The Victorian Railways V class is a one-off diesel hydraulic locomotive that consisted of only V56. It was built as the shunter for the Jolimont Workshops to move the suburban sets through the washdocks. It was originally unclassed, being classified as a "Power Shunter", but was subsequently designated as V56 and thus became the final locomotive built at Newport Workshops. The number "56" followed on from the C and X class steam locomotives' sequence, C1-C26 then X27-X55, and it is only a coincidence that its number, general shape and function align with the Rail Tractors which eventually reached RT54. V56 entered service after RT18 and before RT19. The builder's plate shows a date of 1959, but the engine entered service on 20 January 1960.

While the washdocks did have an overhead contact wire fitted, for safety this was usually isolated and only provided to prevent pantographs from getting tangled if the wires had terminated either end of the wash dock track.

The engine was capable of operating at fixed speeds up to 10 mph, but wash-dock shunting was usually only done at 1 mph. Other moves were made at 3 - 5 km/h. The speed limit of 16 km/h did not pose a problem in operation. Two-position light signals were provided along the relevant track, the red aspect labelled "Stop" and the green aspect "Go" on the faces of the lenses. V56 would usually pull 7-car trains sets through the wash, but it did occasionally push instead. When not in use the engine was stabled in the wash shed.

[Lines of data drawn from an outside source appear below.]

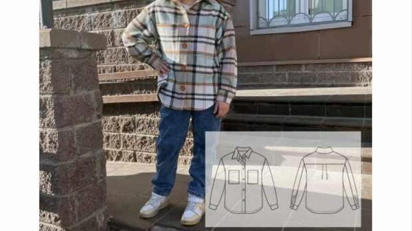 Выкройка детской рубашки оверсайз, размеры 92-122 в одном файле и без припусков на швы. Тренд этого года это конечно рубашка, ее носят на футболку на худи, как верхний слой одежды. И с джинсами и с спортивными штанами. Материал: Облегчённый Джинс, рубашечные твид, вельвет, фланель и подобные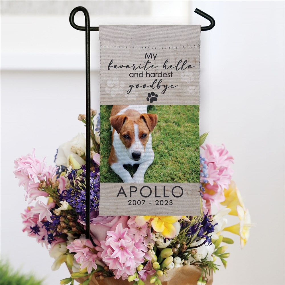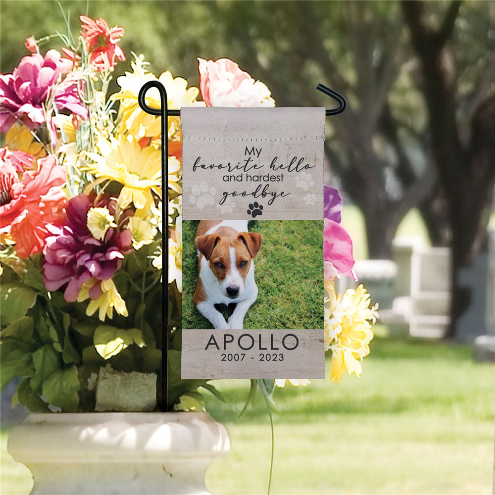 Honor the life of your faithful companion with our Personalized Hardest Goodbye Mini Garden Flag.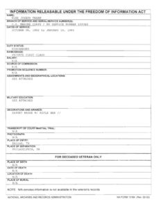 Looks like he Rocked out of Comm School in July of 83′ and was sent to Camp Lejuene. Spent Aug-Sept in Hospital and was Transferred to Reserves( Probably on paper only) Then Discharged in Jan 84.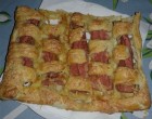 A recept nagyon egyszerű. Mint sokan mások, én is gyakran használok leveles tésztát. Bevallom, nem én csináltam. Fagyasztott leveles tésztát használtam. Kb fél cm vastagra kinyújtottam, majd késsel másfél – két cm-es csíkokra felvágtam. Nem vágtam el egészen a tészta széléig, hogy maradjon egy kis pereme. Aztán ahogy a képen is látszik, belefűztem a virsliket. Lekentem tojással, majd sajttal megszórtam/sima és füstölt sajttal fele – fele arányban. 200 fokra előmelegített sütőben pirosra sütöttem.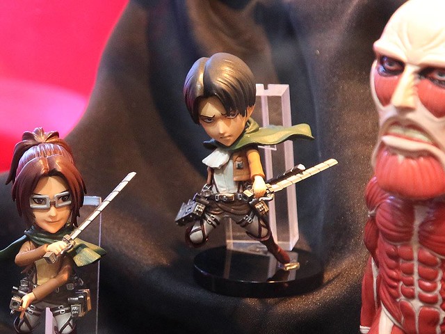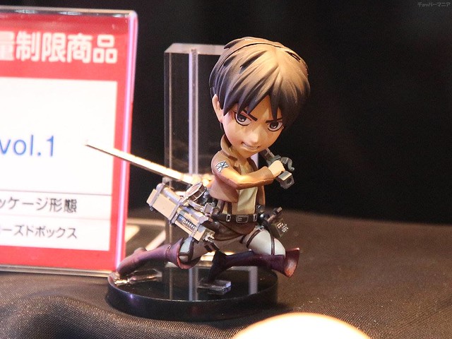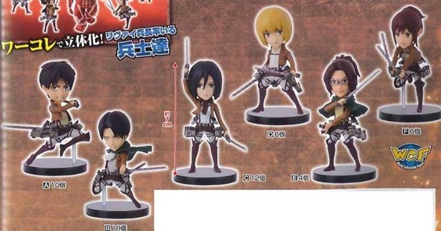 在近日Japan Amusement Expo 2014展覽上BANDAI萬代玩具公司的景品Banpresto(俗稱眼鏡社)事業部都會公開今年預計推出的相關玩具商品,公佈了預計在2014年推出人氣動畫進擊的巨人 的WCF系列,預計收錄了艾倫、卡米莎、 阿爾敏、里維和超大型巨人等等進擊的巨人裡面出現的主要相關角色人物,目前是以上色完成的彩色樣品。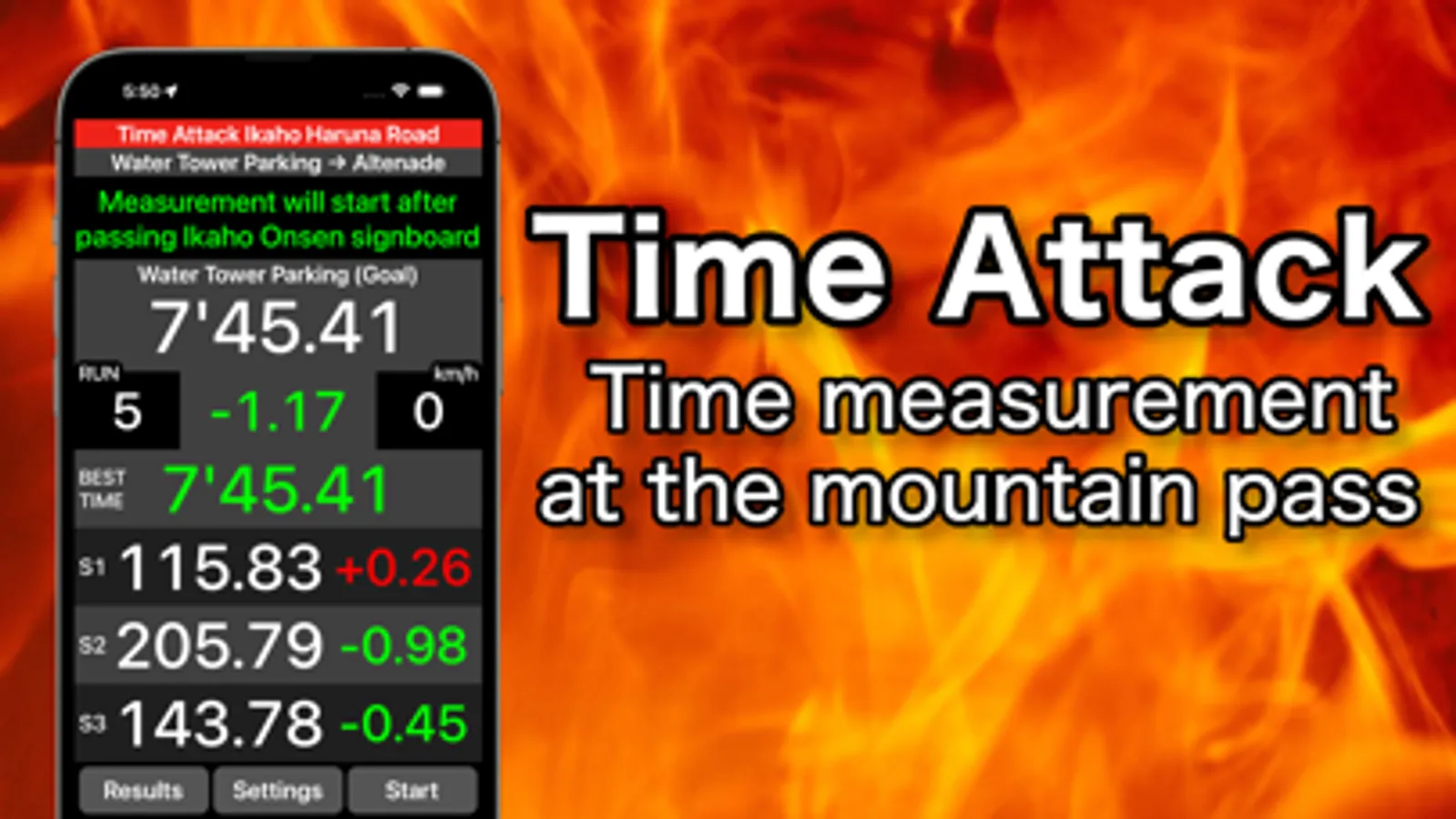 "Time Attack" is an application that measures the time while driving on mountain passes.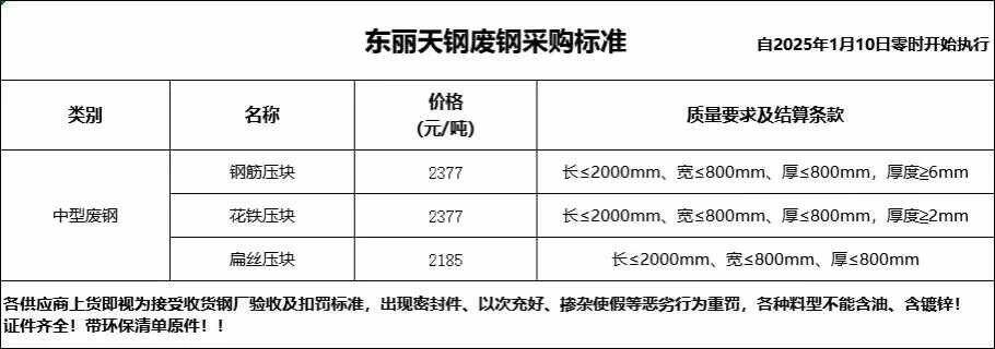 东丽天钢通知,废钢价格降**-**!具体价格以厂家价格表为准,*日东丽天钢零点价格,钢筋压块****,花铁压块****,扁丝压块****具体价格以厂家价格表为准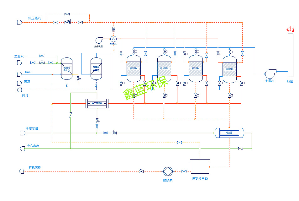 二、樹脂吸附脫附+冷凝回收工藝流程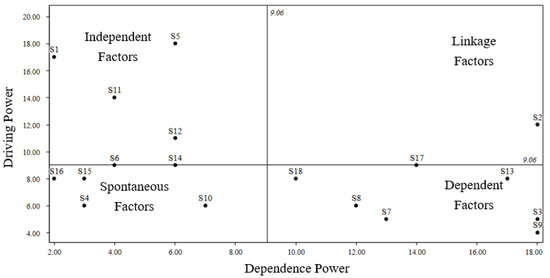 - Calculate dependency and driving force values: Sum the rows and columns of the reachable matrix M to obtain the driving force and dependency values of each factor. The driving force indicates the extent to which a factor influences other factors, while dependency indicates the degree to which a factor is influenced by other factors.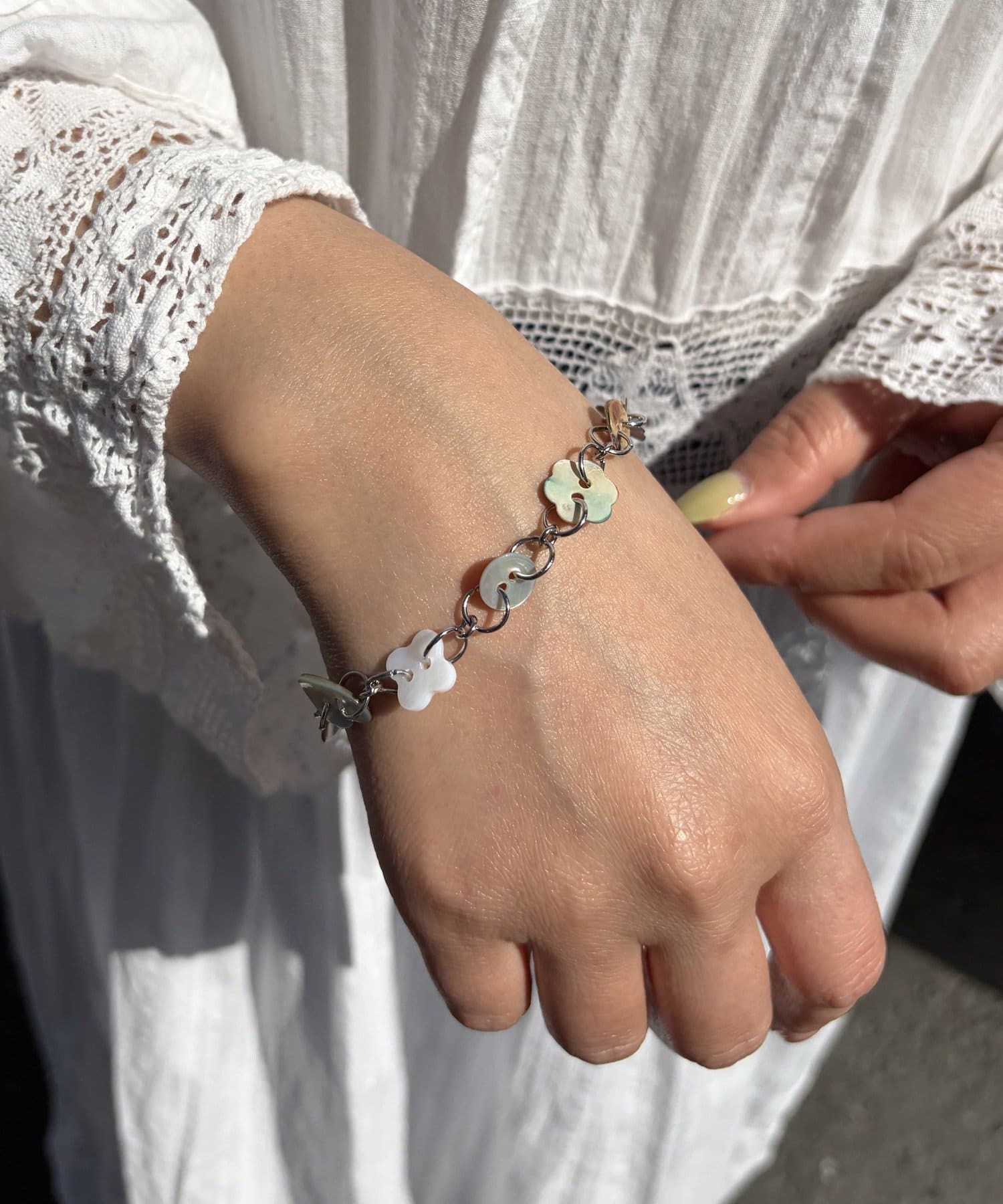 チェーンの合間にきらめくクリアパーツが、涼しげで軽やかな印象をプラスしてくれます。
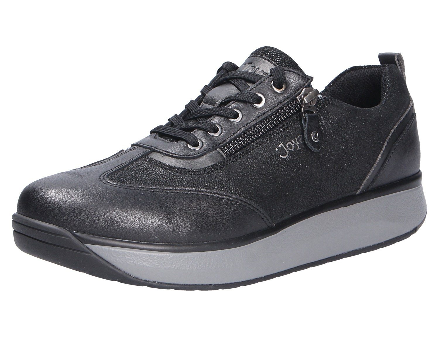 Schlichter Comfort und weiches Gehen sind beim Artikel LAURA BLACK II der Marke JOYA wichtige Merkmale die diese Modell auszeichnen. Das Obermaterial ist aus einer hochwertigen Glatt-Nubukleder Kombination. Innen ist der Schuh mit einem elastischen sowie atmungsaktiven Textil augestattet. Die OrthoLite Support Einlegesohle ist sehr leicht und stark atmungsaktiv. Sie besteht aus einem PU-Schaum mit EVA-Verstärkung im Fersen- und Mittelfußbereich für zusätzliche Stabilität.Natürlich ist die Sohle herausnehm- und auswechselbar. Auf diesen Schuh freuen sich besonders etwas breitere Füße:Die Weite H bietet hier ausreichend Platz. Der Absatz ist durchgehend flach ,die Sohlenkategorie emotion steht für Freude am Stehen und Gehen.Die weich-elastische Joya Sohle dämpft jeden Stoß ab und unterstützt dadurch effektiv die Entlastung von Rücken und Gelenken. Das Ergebnis: ein einzigartiger Gehkomfort. Ideal für Menschen, die sich und ihre Füße mit einem einzigartig weichen Geh-Gefühl verwöhnen wollen.Die emotion-SENSO Technologie ist besonders weich im Fersen- und Vorfußbereich und bietet durch die starke Dämpfung eine optimale Entlastung.Besonders geeignet für Menschen mit sensiblem Rücken und täglich stark belasteten Füßen und Gelenken. Über den Schnürverschluß ist eine optimale Anpassung an den Fuß möglich. Die karree-förmige Schuhform hat zwei Vorteile: Sie wirkt sportlich und bietet einen angenehmen Tragecomfort für den Fuß und die Fußzehen. Die Розмір взуття fällt regulär aus.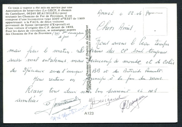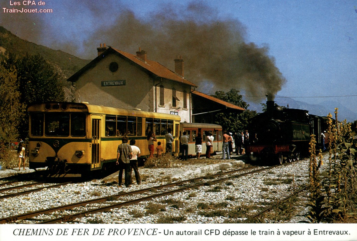Un Autorail CFD dépasse le train à vapeur à Entrevaux. |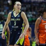 Jul 30, 2025; Toronto, ON, Canada; Ben Shelton (USA) hits a ball to Adrian Mannarino during the second round at Sobeys Stadium. Mandatory Credit: John E. Sokolowski-Imagn Images Fourth-seeded Ben Shelton and sixth-seeded Andrey Rublev got past potentially tricky matches to advance to the third round of the National Bank Open in Toronto on Wednesday….
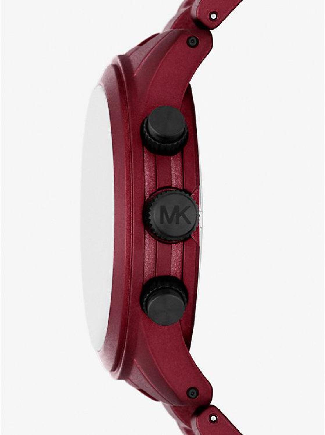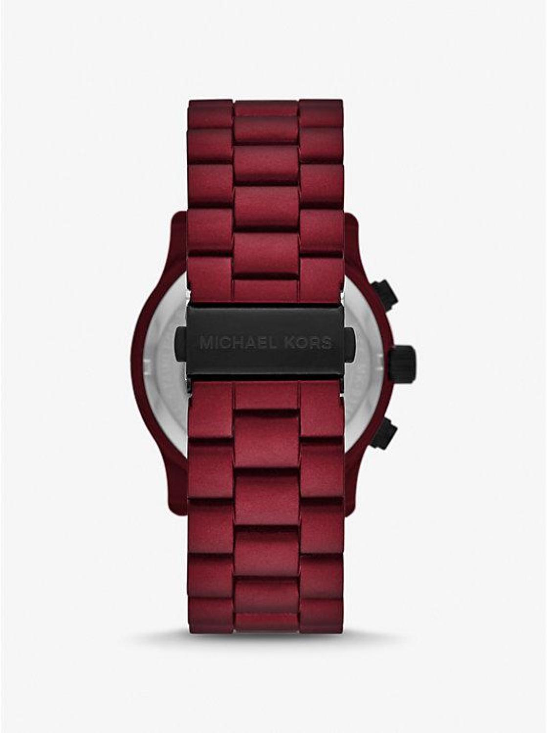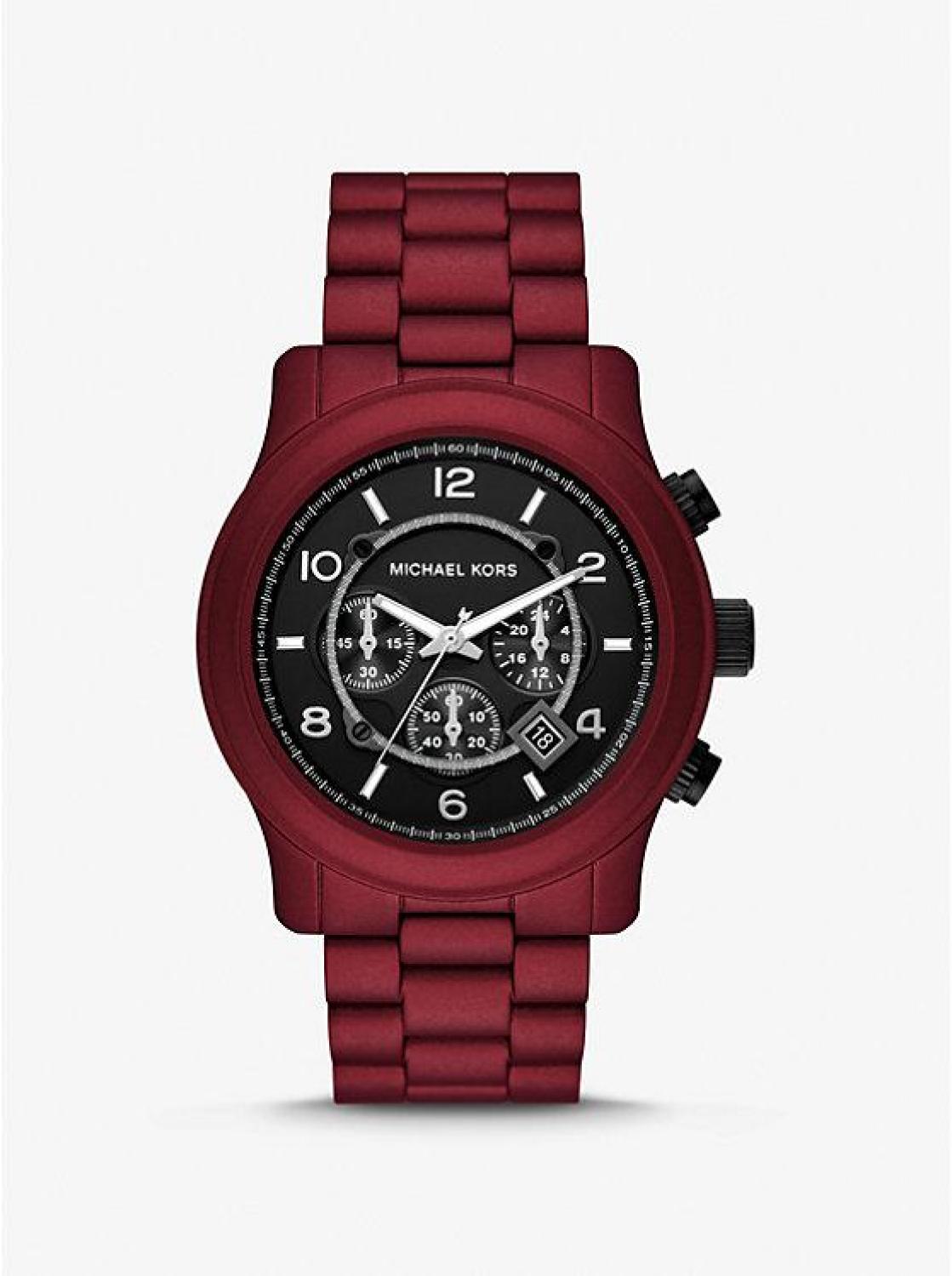 • A perennial favorite, our Runway watch is updated with a sunken black dial for a refined, versatile finish. This ultra-sleek style is crafted from red-coated stainless steel with a polished bracelet strap, and features chronograph details for precise timekeeping.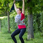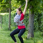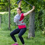 AUSFÜHRUNG: Ich bau gerne Mobilityübungen für die Schulter und den Rücken ein. Ausgangsposition ist eine leichte Kniebeuge, so wird die Hüfte stabilisiert. Die Arme gestreckt über den Kopf halten. Ein Theraband oder eine Stoffwindel halten und auseinanderziehen. Mit kleinen Kreisbewegungen über dem Kopf starten. Dabei bewegen sich nur die Arme. Die Kreise langsam vergrößern, bis sich oberer Rücken und Schultern mitbewegen. Die Hüfte bleibt weiterhin stabil. In etwa eine Minute kreisen pro Richtung, gerne auch länger.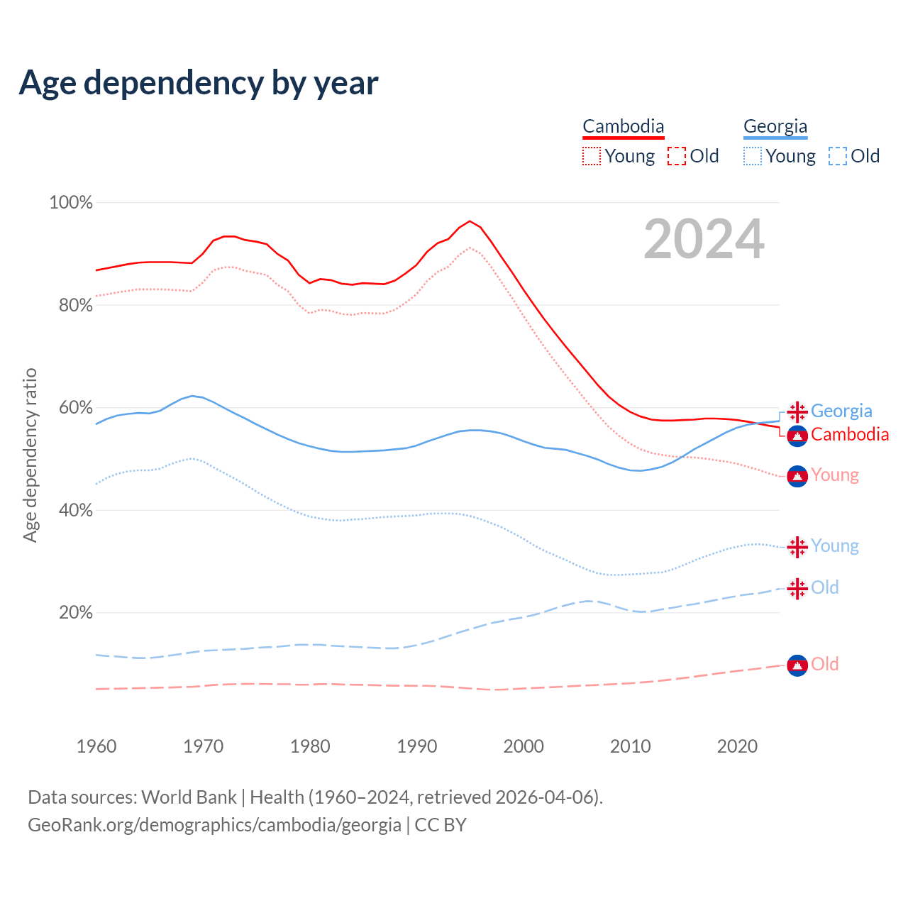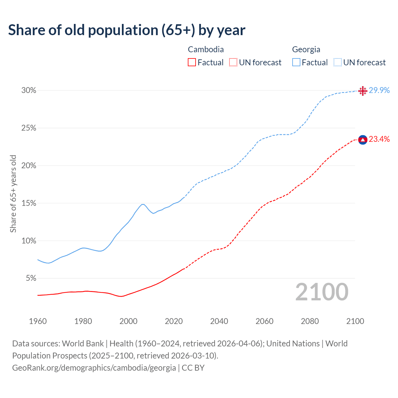 The share of older people aged 65 and over is 6.16% in Cambodia and 15.6% in Georgia. Life expectancy in Cambodia compared to Georgia .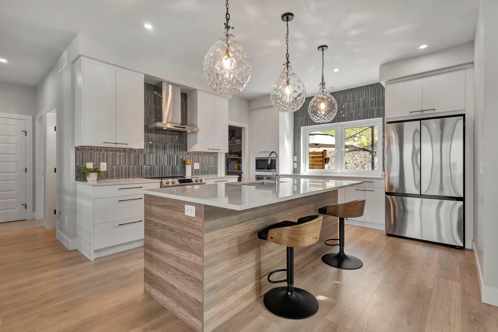 Outstanding VALUE! Last-Chance Luxury in The Ponds — Former Carrington Showhome (NO GST!) Perched above the city in one of Kelowna’s most desirable communities, this incredible home delivers luxury, lifestyle, and location in one stunning package. With over $100,000 in upgrades, this 3-bed, 3-bath walk-up is better than new—designed to impress with custom features and breathtaking mountain and skyline views. The open-concept main floor is built for entertaining, featuring a chef-inspired kitchen with quartz counters, premium appliances, walk-in pantry, and pass-through window to an outdoor sit-up bar. A sleek wine display anchors the living space, flowing seamlessly to a spacious front deck with glass railing and remote blinds. A rear patio and private backyard complete the indoor-outdoor experience. Upgrades include full-height tile backsplashes, custom built-ins, designer lighting, feature walls, and smart home integration. The primary suite is a retreat with dual vanity, tiled shower, and walk-in closet. Downstairs offers a large rec room, third bedroom, and full bath—perfect for guests, teens, or a home office. Set on a fully landscaped lot with underground irrigation, a tranquil water feature, and a rare 3-car garage (double + tandem), this home delivers unbeatable value in a move-in ready package. Located just minutes from top-rated schools, hiking trails, and the convenience of Mission Village. This is a rare chance to own a professionally designed, showhome-quality residence in The Ponds. Own NEW with NO GST! Don’t miss your chance—this one’s a showstopper!

The locomotive features a 40 hp Fordson tractor engine which drove four hydraulic motors. It was the smallest locomotive owned by the VR and later the Metropolitan Transit Authority.

Buffers and autocouplers were fitted to allow it to couple up to screw coupled stock (Swing Door trains or Tait trains) or Knuckle coupled stock (Harris trains, Hitachi trains). For coupling to the Comeng trains, a conversion coupler was required. This attached to the Comeng 'multi function' coupler and converted it to a temporary knuckle coupling.

The locomotive was originally painted in a bright red with a black under frame, before receiving the Victorian Railways' blue and gold paint scheme in early 1974; during this time it was replaced by RT46 at Jolimont. It was sighted being towed back to Newport Workshops for repairs in August 1976.

By 4 September 1986 it was repainted into Metropolitan Transit Authority green and gold livery. The engine was stored at Newport Workshops as at November 1990 and later observed in storage at North Melbourne It has retained the green livery through preservation at the Newport Railway Museum.

==Locomotives==

| Locomotive | Entered service | Withdrawn | Owner | Status |
| V56 | 20 Jan 1960 | c. 1990 | Newport Railway Museum | Preserved – Static |

==Preservation==
V56 was retired with the closure of Jolimont Workshops. During the late 1990s, V56 was used at the Steamrail Depot, Newport for small shunting moves. Currently V56 is on static display at Newport Railway Museum.